Calculating Trade Discounts

  1. Calculate the total price before discount.
  2. Calculate the trade discount amount.
  3. Calculate the net price before VAT.
  4. Calculate the VAT.
  5. Calculate the total invoice price.
  • Example Formulas:
    • Total Price Before Discount: 50 \times 75.00 = 3750.00
    • Calculate the trade discount: 3750.00 \times 10 \% = 375.00
    • Calculate the net price before VAT: 3750.00 - 375.00 = 3375.00
    • Calculate the VAT (at 20%): 3375.00 \times 20 \% = 675.00
    • Calculate the total invoice price: 3375.00 + 675.00 = 4050.00

Prompt Payment Discounts (PPD)

  • Offered for early invoice payment.
  • Terms indicate the discount (e.g., 2% off if paid within 7 days).
  • The supplier doesn’t know if the discount will be taken until payment or expiry.
  • VAT is recorded based on actual payment.
  • Two options for recording:
    1. Issue a credit note for the discount amount (including VAT).
    2. Include wording on the invoice stating the discount timeframe and that the customer can only recover VAT paid to the supplier.
  • The AAT exam will test PPD based on the credit note method.

Other Documents Relating to Sales

Goods Returned Note

  • Used when a customer returns faulty goods.
  • Includes:
    • Description of items
    • Quantity
    • Reason for return
    • Signature and date

Credit Note

  • A refund document stating that the customer no longer owes part or all of an invoice amount.
  • Reasons for using a credit note:
    • Proof that the original invoice doesn’t need to be paid in full.
    • Record of reduction in books.
    • Not an option to use cash refund sales.
  • The calculation is the same format as the original invoice.
  • It should take off the original trade discount.
  • It includes:
    • Original invoice number
    • Reason for return
    • Unique number
  • Invoice vs credit note: credit notes are sometimes in red.
  • Calculating a Credit Note:
    1. Calculate the total price before trade discount.
    2. Calculate the trade discount.
    3. Calculate the net price.
    4. Calculate the VAT on the reduced amount.
    5. Calculate the total of the credit note.

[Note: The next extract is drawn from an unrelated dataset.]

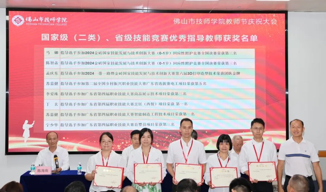 上午10时,佛山市技师学院教师节庆祝大会在教学附楼阶梯报告厅主会场与实训教学楼A205视频会场同步举行。市人力资源社会保障局苏岩局长、陈再勋副局长、张有志三级调研员等领导,以及学校全体教职工共同参会,大会由学校党委副书记陈海南同志主持。

Calculating Credit Note Formulas:

  • Calculate the total price before trade discount: 2 \times 75.00 = 150.00
  • Calculate the trade discount: 150.00 \times 10 \% = 15.00
  • Calculate the net price: 150.00 - 15.00 = 135.00
  • Calculate the VAT on the reduced amount: 135.00 \times 20 \% = 27.00
  • Calculate the total of the credit note: 135.00 + 27.00 = 162.00

Statement of Account

  • Shows all transactions between a customer and supplier.
  • Used as a payment reminder.
  • Sent monthly to show outstanding invoices.
  • Includes:
    • Balance b/f (brought forward) from the previous month
    • New invoices
    • Payments
    • Credit notes (including PPD)
    • Remaining balance (c/f - carried forward)
  • Invoices (amounts owed) are debits (left side).
  • Payments and credit notes are credits (right side).
  • Transactions are listed in date order.
  • Only PPD are included, not trade or bulk discounts.

Bank Statement

  • Sent monthly by the bank summarizing account transactions.
  • Includes:
    • Account information
    • Detailed list of deposits and withdrawals
  • Helps businesses track finances, identify errors, and recognize spending habits.
  • Businesses should verify bank accounts monthly.
  • Payments on the left and receipts on the right (though some banks are aligning with statements of account).

Chapter Summary

  • Businesses use documents to track sales:
    1. Quotes and estimates
    2. Purchase orders
    3. Delivery notes
    4. Invoices
    5. Returns notes
    6. Credit Notes
    7. Customer statements
  • VAT is charged at 20%.
  • VAT is calculated on the reduced amount after trade/bulk discounts.
  • Special procedures for prompt payment discounts.
  • Credit notes should reflect trade/bulk discounts to match the sale.